Citation : 2025 Latest Caselaw 11503 Kant
Judgement Date : 17 December, 2025
-1-
RFA No.100563 of 2023
IN THE HIGH COURT OF KARNATAKA, DHARWAD BENCH
DATED THIS THE 17TH DAY OF DECEMBER, 2025
PRESENT
THE HON'BLE MR. JUSTICE R.DEVDAS
AND
THE HON'BLE MR. JUSTICE B. MURALIDHARA PAI
REGULAR FIRST APPEAL NO.100563/2023 (PAR/POS)
BETWEEN:
1. SHRI. SANGANAGOUDA
S/O. VEERANAGOUDA PATIL,
AGE: 62 YEARS, OCC: AGRICULTURE
/RETIRED BANK EMPLOYEE,
R/O. VEERABHADRASESHWAR NILAYA,
POLICEGOUDAR ONI, KELAGERI,
DHARWAD-580007.
2. SHRI. VEERABHADRAGOUDA
S/O. VEERANAGOUDA PATIL,
AGE: 59 YEARS, OCC: AGRICULTURE/SERVICE,
R/O. VEERABHADRASESHWAR NILAYA,
POLICEGOUDAR ONI, KELAGERI,
DHARWAD-580007.
3. SHRI. RUDRAGOUDA
S/O. VEERANAGOUDA PATIL,
AGE: 57 YEARS, OCC: AGRICULTURE
/POSTAL DEPARTMENT,
R/O. VEERABHADRASESHWAR NILAYA,
POLICEGOUDAR ONI, KELAGERI,
DHARWAD-580007.
- APPELLANTS
(BY SRI. C.V.ANGADI, ADVOCATE)
-2-
RFA No.100563 of 2023
AND:
1. SMT. PARVATI
W/O. SHIVAYOGI BUDAYYANAVARMATH,
AGE: 51 YEARS, OCC: HOUSEHOLD WORK,
R/O. K.C. NAGAR, 3RD CROSS ROAD,
BAILHONGAL, DIST: BELAGAVI-591102.
2. SMT. SAVITRI
W/O. MADIWALAYYA SHIRAHATTIMATH,
AGE: 65 YEARS, OCC: HOUSEHOLD WORK,
R/O. POLICEGOUDAR ONI, KELAGERI,
DHARWAD-580007.
- RESPONDENTS
(BY SRI. HANAMANT R.LATUR, ADVOCATE FOR R1;
NOTICE TO R2 IS SERVED BUT UNREPRESENTED)
THIS REGULAR FIRST APPEAL FILED UNDER SECTION 96
READ WITH ORDER 41 RULE 1 OF CPC AGAINST THE JUDGMENT
AND DECREE DATED 26.09.2023 PASSED IN O.S.NO.62/2022 ON
THE FILE OF THE PRINCIPAL SENIOR CIVIL JUDGE AND CHIEF
JUDICIAL MAGISTRATE, DHARWAD, DECREED THE SUIT FILED
FOR PARTITION AND SEPARATE POSSESSION AND ETC.
THIS REGULAR FIRST APPEAL HAVING BEEN HEARD AND
RESERVED ON 10.12.2025, COMING ON FOR 'PRONOUNCEMENT
OF JUDGMENT' THIS DAY, THE COURT PRONOUNCED THE
FOLLOWING:
CORAM: THE HON'BLE MR. JUSTICE R.DEVDAS
AND
THE HON'BLE MR. JUSTICE B. MURALIDHARA PAI
-3-
RFA No.100563 of 2023
CAV JUDGMENT
(PER: THE HON'BLE MR. JUSTICE R.DEVDAS)
This Regular First Appeal is filed at the hands of the
defendants in O.S.No.62/2022 being aggrieved of the
impugned judgment and decree on the file of the Principal
Senior Civil Judge and CJM, Dharwad.
2. For the sake of convenience, the parties shall
be referred to in terms of their ranking before the trial
court.
3. The propositus is Sri.Veerabhadragouda who
died on 19.10.1986 leaving behind his widow
Smt.Neelamma and five children.

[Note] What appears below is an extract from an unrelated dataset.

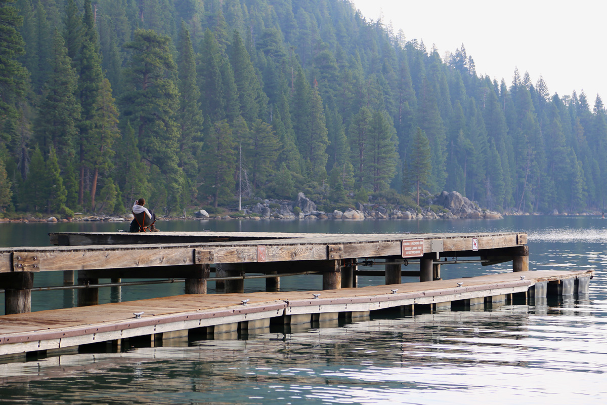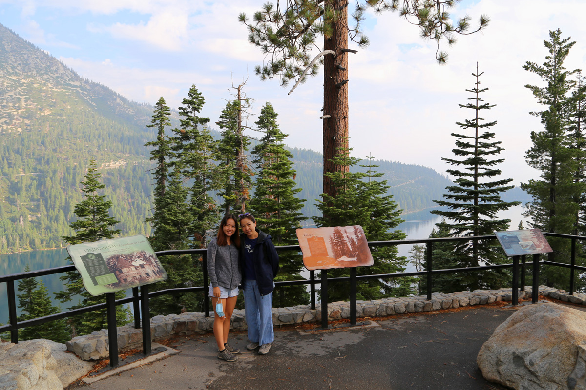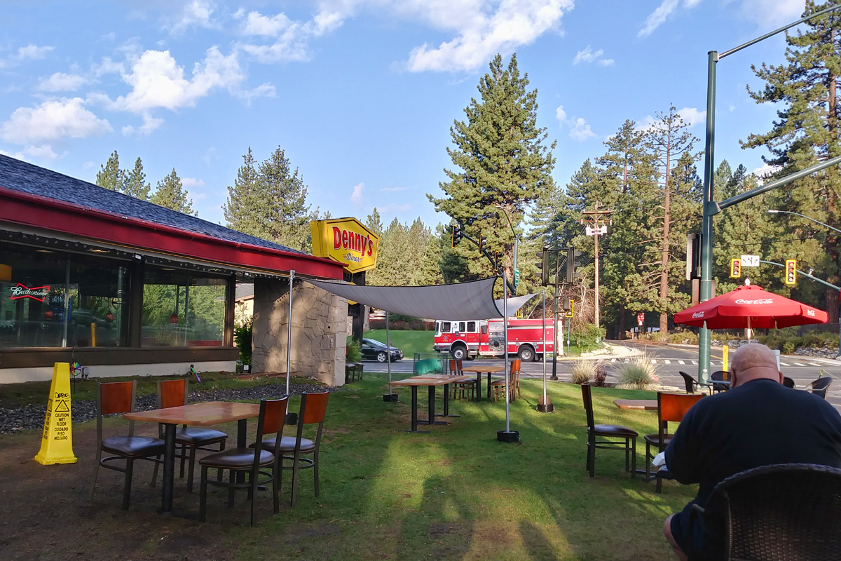 전날 일요일 오후에 도착했을 때는 자욱한 산불연기 때문에 또 숙소도 마음에 들지 않아서 힘들었지만, 밤 사이에 비가 좀 내려 공기가 맑아져서 정말 다행이었다. 눈 뜨자마자 숙소 체크아웃을 하고 전날 봐뒀던 데니스(Denny's)에서 코로나 시대의 '아웃도어다이닝(outdoor dinning)'으로 잔디밭 테이블에서 아침을 맛있게 먹고는, 89번 Emerald Bay Rd를 따라서 주립공원으로 향했다.

The last of the children,
Smt.Parvati filed the suit against her mother, her sister
and the three brothers seeking 1/5th share in the suit
schedule properties and for partition and separate
possession of the suit schedule properties. In the suit
schedule, six items of immovable properties are shown.
Written statement was filed by defendant No.1, the eldest
brother, and the same was adopted by defendant Nos.2
and 3, the two brothers of defendant No.1. It was
contended in the written statement that during the
wedding of the plaintiff, 20 tolas of gold, approximately
valued at Rs.10,00,000/- were given; an amount of
Rs.25,00,000/- were given to the plaintiff during
construction of her house and various other financial
assistance were rendered to the plaintiff by the brothers.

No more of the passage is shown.